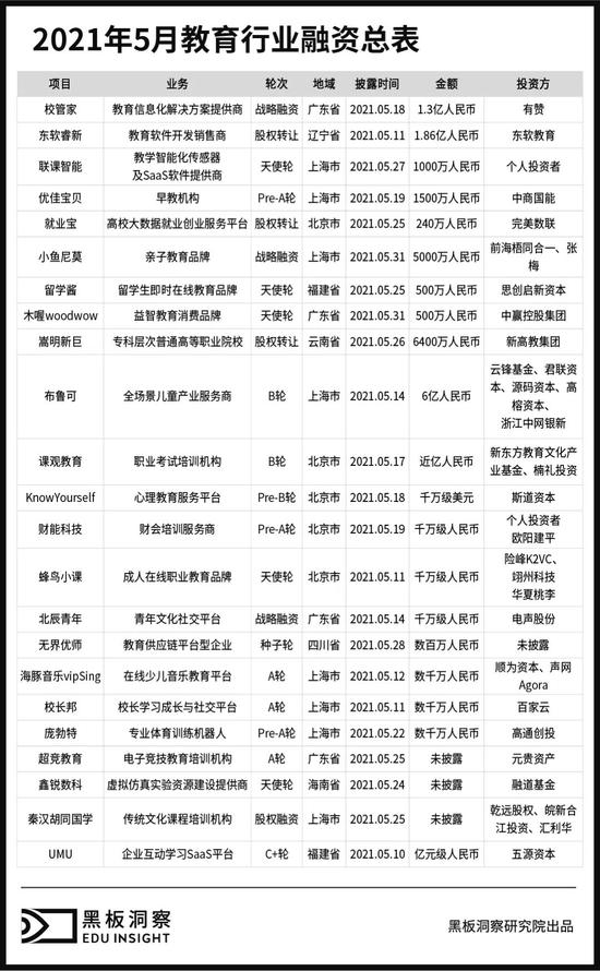 报告 | 5月教育行业融资报告:23家企业融资13.24亿元
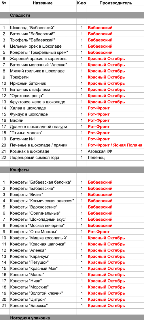 Опубликовано в Составы подарков
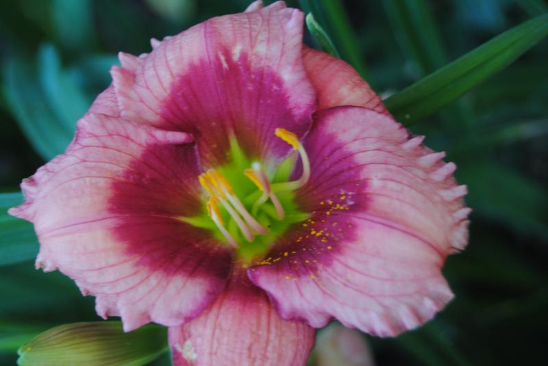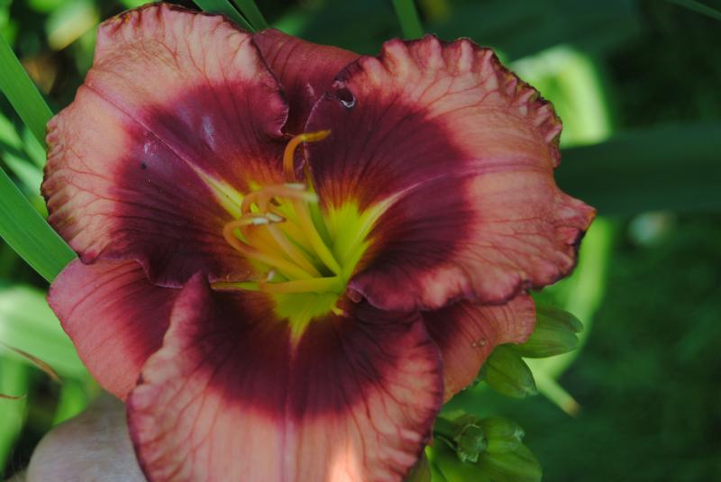 auf dem schild steht Strawberry Candy meine 1. taglilie die getopft blüht

PROBLEM STATEMENT | Recopy the full listing exactly, passing over any picture.

THE ANSWER |
 报告 | 5月教育行业融资报告:23家企业融资13.24亿元
 Опубликовано в Составы подарков
 auf dem schild steht Strawberry Candy meine 1. taglilie die getopft blüht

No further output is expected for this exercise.